▶ [Exercise brief] Give back exactly the lines of the material below that start at the line containing "All of our cheque" and end at the line containing "A aluna da inFlux", and no others.

Source records below:

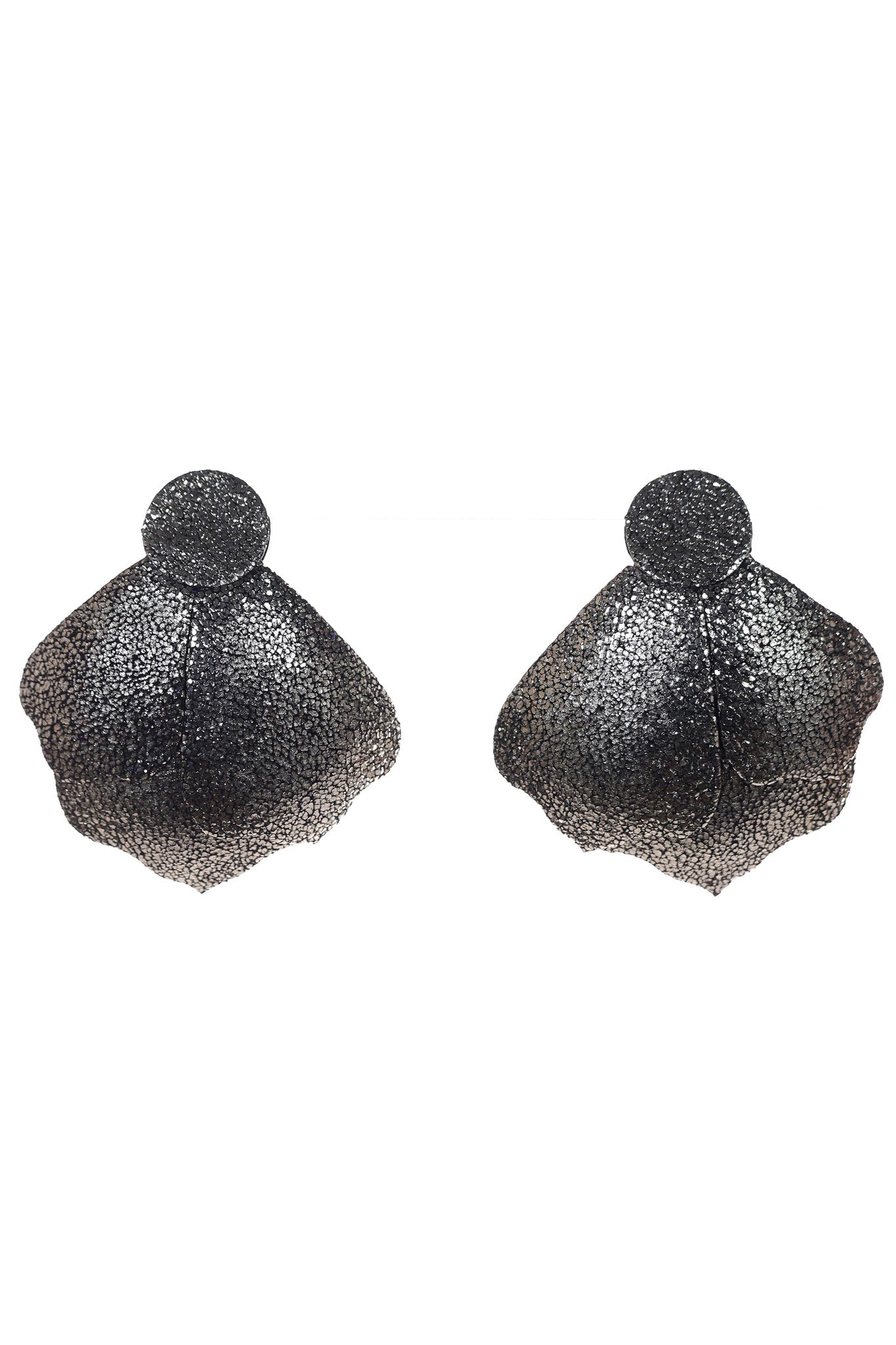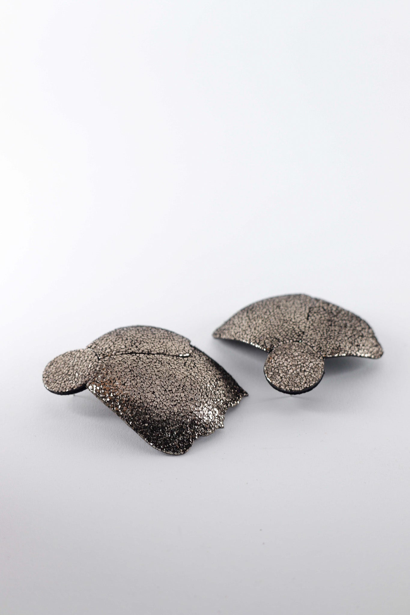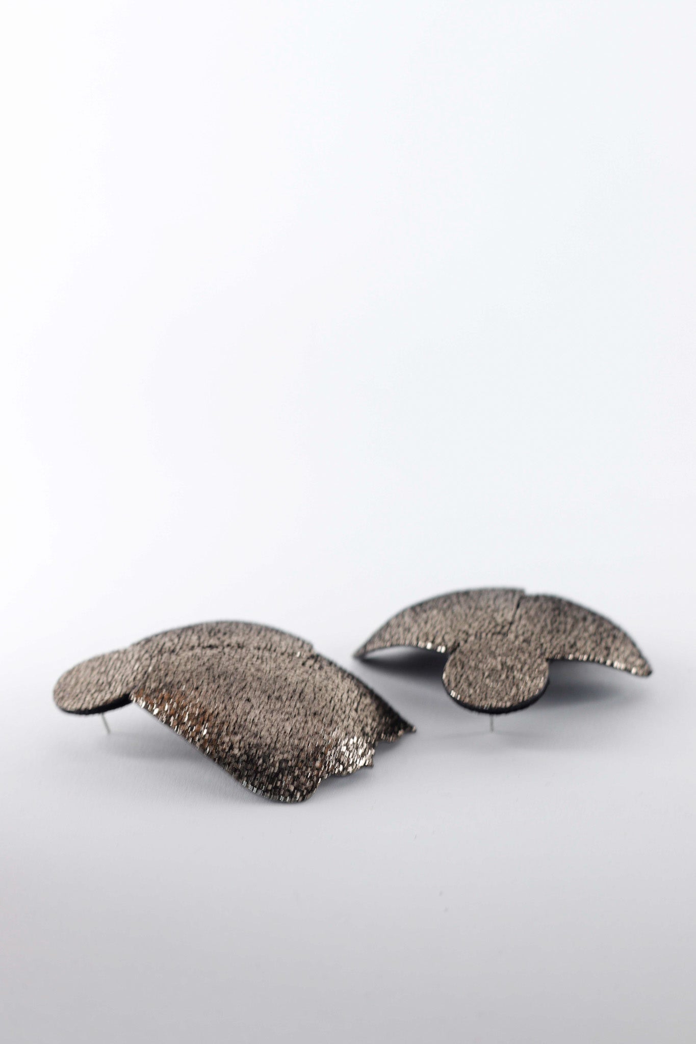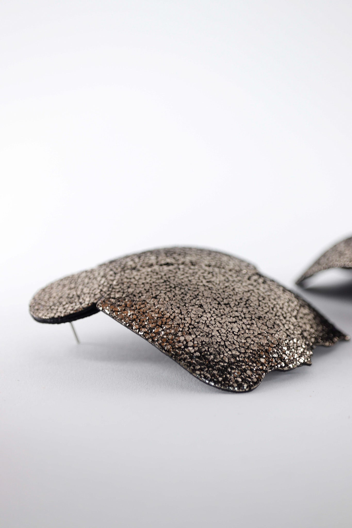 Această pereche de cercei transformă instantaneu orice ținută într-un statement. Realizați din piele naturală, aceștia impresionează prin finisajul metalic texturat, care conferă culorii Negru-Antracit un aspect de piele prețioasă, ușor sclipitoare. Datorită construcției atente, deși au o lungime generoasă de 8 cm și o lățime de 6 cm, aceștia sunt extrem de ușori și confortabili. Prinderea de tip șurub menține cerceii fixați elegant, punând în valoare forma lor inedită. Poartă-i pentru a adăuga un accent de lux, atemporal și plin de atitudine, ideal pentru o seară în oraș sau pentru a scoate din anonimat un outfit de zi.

End of Source records.
Source records below:

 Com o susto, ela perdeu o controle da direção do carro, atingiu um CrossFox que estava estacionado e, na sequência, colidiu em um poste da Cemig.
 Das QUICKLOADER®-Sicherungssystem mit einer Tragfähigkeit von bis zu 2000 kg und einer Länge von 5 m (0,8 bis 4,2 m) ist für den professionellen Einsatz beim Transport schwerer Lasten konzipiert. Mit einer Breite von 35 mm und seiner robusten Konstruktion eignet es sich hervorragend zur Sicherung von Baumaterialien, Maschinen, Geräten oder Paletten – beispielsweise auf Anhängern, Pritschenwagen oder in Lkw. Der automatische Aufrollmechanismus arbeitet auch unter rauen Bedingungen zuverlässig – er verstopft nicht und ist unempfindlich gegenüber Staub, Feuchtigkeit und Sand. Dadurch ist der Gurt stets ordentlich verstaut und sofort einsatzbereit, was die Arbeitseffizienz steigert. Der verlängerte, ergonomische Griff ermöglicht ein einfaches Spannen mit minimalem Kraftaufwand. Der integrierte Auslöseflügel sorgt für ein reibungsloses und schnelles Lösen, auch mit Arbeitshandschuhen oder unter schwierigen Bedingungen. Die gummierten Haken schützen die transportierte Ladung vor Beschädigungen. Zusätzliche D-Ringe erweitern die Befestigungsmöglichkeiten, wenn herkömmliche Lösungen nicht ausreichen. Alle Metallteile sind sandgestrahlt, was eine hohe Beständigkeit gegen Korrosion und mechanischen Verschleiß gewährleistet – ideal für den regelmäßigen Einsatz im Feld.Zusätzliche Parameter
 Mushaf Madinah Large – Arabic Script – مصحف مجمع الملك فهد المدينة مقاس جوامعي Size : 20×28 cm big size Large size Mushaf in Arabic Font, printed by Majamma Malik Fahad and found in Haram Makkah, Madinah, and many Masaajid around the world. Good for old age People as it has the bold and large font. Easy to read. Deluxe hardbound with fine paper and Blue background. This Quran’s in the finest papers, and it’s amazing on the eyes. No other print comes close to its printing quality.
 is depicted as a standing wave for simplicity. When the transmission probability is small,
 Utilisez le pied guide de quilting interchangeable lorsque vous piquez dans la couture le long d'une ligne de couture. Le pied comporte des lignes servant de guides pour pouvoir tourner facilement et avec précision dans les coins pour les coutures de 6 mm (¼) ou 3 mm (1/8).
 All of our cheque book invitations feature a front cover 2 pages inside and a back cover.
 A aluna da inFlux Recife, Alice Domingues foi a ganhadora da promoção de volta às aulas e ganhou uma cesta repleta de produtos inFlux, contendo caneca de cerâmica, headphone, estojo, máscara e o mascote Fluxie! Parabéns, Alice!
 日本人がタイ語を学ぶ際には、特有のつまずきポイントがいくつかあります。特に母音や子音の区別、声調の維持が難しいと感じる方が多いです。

End of Source records.
Source records below:

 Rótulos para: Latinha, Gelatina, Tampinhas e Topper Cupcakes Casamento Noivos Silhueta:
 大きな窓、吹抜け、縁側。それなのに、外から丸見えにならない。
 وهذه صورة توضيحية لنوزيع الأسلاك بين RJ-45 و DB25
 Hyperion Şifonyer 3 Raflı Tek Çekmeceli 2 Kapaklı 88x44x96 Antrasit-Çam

End of Source records.

▶ [Solution for this exercise]
 All of our cheque book invitations feature a front cover 2 pages inside and a back cover.
 A aluna da inFlux Recife, Alice Domingues foi a ganhadora da promoção de volta às aulas e ganhou uma cesta repleta de produtos inFlux, contendo caneca de cerâmica, headphone, estojo, máscara e o mascote Fluxie! Parabéns, Alice!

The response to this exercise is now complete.